More and more critical players in both the energy and water sectors, as well as the policymakers, are paying attention. And for good reason—fossil fuels (which use water throughout their lifecycle) accounted for 82 percent of global primary energy demand in 2011 and will remain the major source of primary energy demand out to 2035 (at 76 percent). Even alternative energy sources (namely bioenergy, nuclear, geothermal, hydro, wind, and solar) require some amount of water throughout their lifecycle. As the World Bank put it, energy is thirsty. According to the International Energy Agency (IEA), in 2010 the estimated global water withdrawals (water withdrawn and returned to its source) for energy production were around 15 percent of total water withdrawals and are projected to increase by 20 percent between 2010 and 2035. The statistics for water consumption (water withdrawn and not returned to its source) are even more dramatic. Out to 2035, IEA projects that energy’s water consumption will rise by 85 percent, from a baseline of 66 billion cubic meters (bcm) in 2010.

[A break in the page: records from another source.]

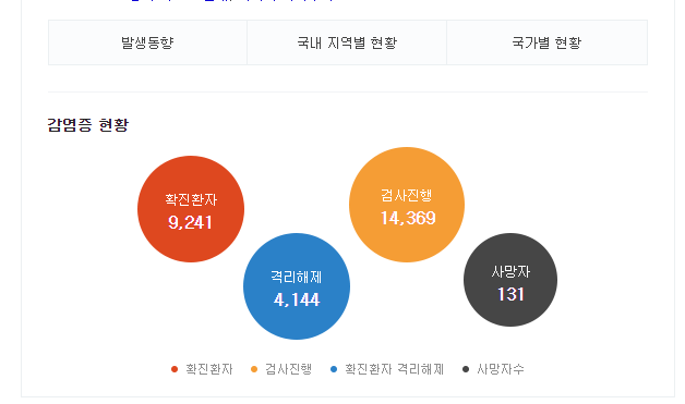 3월도 빠르게 지나가면서 3월 26일 기준으로 코로나 현황에 대해 지금까지 확진자가 9241명이 발생했으며, 사망자가 131명에 이르고 있습니다. 초기대응에 실패하면서 천문학적인 경제적 손실이 이어지고 있는것이 사실입니다.
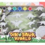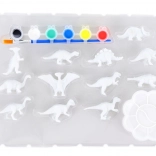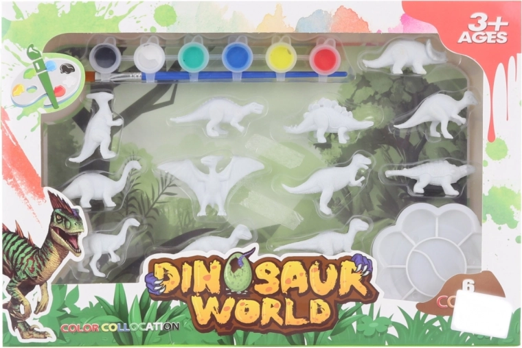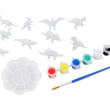Zestaw zawiera dinozaury 3D, 6 farb, pędzelek i paletę – dzieci mogą zacząć tworzyć od razu, bez dokupywania akcesoriów.
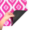 1. Indoor/outdoor. 2. 100% machine washable. 3. Polyester fabric face. 4. Non-skid neoprene rubber backing. 5. Low profile allows doors to pass over easily. 6. Custom made in America.
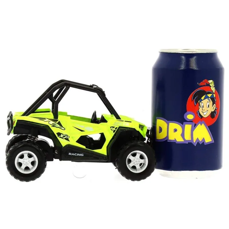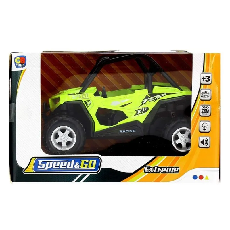 Vehículo Cross Country de color verde. Hecho de metal y con una escala de 1:22. Reproduce sonidos y luces. Funciona con sistema de fricción. Recomendado a partir de 3 años.

Water is also dependent on energy—the provision of water services (extraction, treatment, and distribution, as well as the collection and treatment of water after it has been used) requires energy. The previously mentioned 2005 study by the California Energy Commission found that the provision of water services requires 19 percent of the state’s electricity, 30 percent of its natural gas, and 88 billion gallons of diesel fuel per year. A 2009 study conducted by the River Network estimated that in 2007 water’s energy use (for supply, treatment, and end-uses) was 52.1 billion kilowatt hours (kWh) or roughly 13 percent of U.S. electricity consumption. Researchers at the University of Texas evaluated one component of water-related energy use, the public water supply (systems serving at least 25 people through a minimum of 15 connections), and found it accounted for 4.1 percent of the United States’ annual primary energy consumption and 6.1 percent of its electricity consumption (note: analysis did not assess water’s energy needs for agriculture, industrial, or self-supplied sectors). The variation in the estimates highlights that the amount of energy needed is highly dependent on a range of factors, including elevation change, distance, friction, water loss and inefficiencies, quality of the water and type of treatment technology used, in addition to the variations by region and state. Moreover, as we shift toward greater use of nonpotable water sources to meet future water demands, and as more stringent drinking water and wastewater discharge standards are implemented, the energy intensity of wastewater reuse and desalination will grow. Despite this growing understanding that water and energy truly are interconnected, the bulk of the attention has centered on energy’s water needs and how energy impacts water resources.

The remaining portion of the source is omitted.